It reminded me a lot of Hack this site[1], which is a bit older, but can be
helpful

[1] <http://www.hackthissite.org/>

------
jdefr89
If you wan't to learn to develop exploits I would read some of these few
sources to get started...

1\. The Shellcoder's Handbook 2\. Hacking: The Art of Exploitation 3\. Gray
Hat Hacking 4\. w00w00 Exploiting Heaps

Basically memory exploits all boil down to overwriting the EIP with an address
that points to some code that does something.

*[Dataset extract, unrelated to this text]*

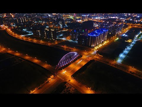 橋上變幻的光影,使夜晚的新月橋顯得浪漫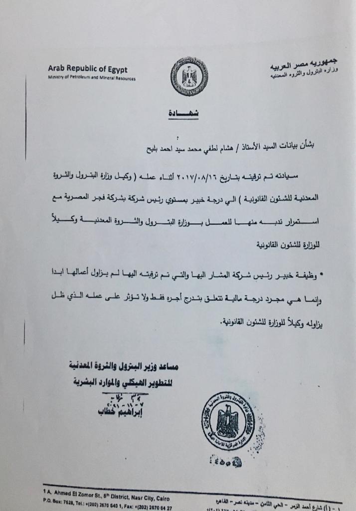 كما تم النص بالقرارات على ندب مساعدي وزير البترول من جهة عملهما الأصلية رغم كونهما بالمعاش، ولا تربطهما بالوزارة أي علاقة وظيفية، وجهة العمل الذين يزعمون ندبهما منها، لا تعدو سوى عقود استشارات بشركات استثمارية بالمخالفة لأحكام قانون تنظيم التعاقدات الحكومية، والذي حدد الوحدات التي يجوز الندب منها، وذلك بقصد التحايل على الحد الأقصى المحدد لمكافأة مساعد الوزير المحددة بقرار رئيس الوزراء بخمسة وعشرين ألف جنيه شهريًا

Of course there are all sorts of exploits, some simply send bad data to crash
the server as a Proof of concept.. others are more sophisticated, either way
if you can program all you need to do is learn a few methods and then writing
the exploit shouldn't be so bad..

------
adrusi
This question reminds me of when people in my school ask me "where did you
learn all this computer stuff?"

You can't make a list of resources that will get you to your goal, you can
make one that will give you the foundational knowledge you need to start, but
after that you just need to live in the right mindset and start doing it.

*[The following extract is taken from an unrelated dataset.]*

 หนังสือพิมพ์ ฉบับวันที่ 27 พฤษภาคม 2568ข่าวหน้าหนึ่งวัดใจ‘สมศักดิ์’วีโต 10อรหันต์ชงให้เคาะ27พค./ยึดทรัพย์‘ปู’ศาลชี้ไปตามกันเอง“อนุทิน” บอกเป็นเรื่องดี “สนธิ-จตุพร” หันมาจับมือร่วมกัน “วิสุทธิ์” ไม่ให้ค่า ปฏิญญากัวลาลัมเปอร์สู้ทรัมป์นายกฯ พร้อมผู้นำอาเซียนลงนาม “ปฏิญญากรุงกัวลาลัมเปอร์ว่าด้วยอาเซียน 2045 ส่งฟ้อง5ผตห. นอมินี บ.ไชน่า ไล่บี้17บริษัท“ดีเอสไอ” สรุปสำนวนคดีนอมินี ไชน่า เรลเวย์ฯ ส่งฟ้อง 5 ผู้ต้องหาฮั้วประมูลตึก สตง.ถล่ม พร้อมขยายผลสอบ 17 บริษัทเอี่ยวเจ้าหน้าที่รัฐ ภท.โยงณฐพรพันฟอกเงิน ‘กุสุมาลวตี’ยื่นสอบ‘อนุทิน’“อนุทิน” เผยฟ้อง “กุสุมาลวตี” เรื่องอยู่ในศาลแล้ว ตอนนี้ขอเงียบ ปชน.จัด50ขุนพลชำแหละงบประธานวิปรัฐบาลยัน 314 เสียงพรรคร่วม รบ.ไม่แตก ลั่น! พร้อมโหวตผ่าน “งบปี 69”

I'm not and exploit developer, but I'd imagine that the following would be
useful practice:

1) Find a famous exploit, and read about what it accomplished but not how it
was done. Then attempt to redo it. When you get stuck, look at what the
original exploit did and continue from there. 2) Do the above on a heavily
exploited technology, but only read about a few of the exploits. While
attempting to exploit in one way, keep your eye out for other holes that you
can exploit and develop an exploit that you hadn't even heard of before. It's
probably already been done, but you came up with it independently. 3) Now try
the same on something less exploited, but still with at least one exploit that
you can follow along with. Try to develop a completely original exploit in
this way. 4) Now find something unexploited and dig around for an exploit. Now
you have enough practice that you should have the ability to identify a
potential exploit when confronted with it.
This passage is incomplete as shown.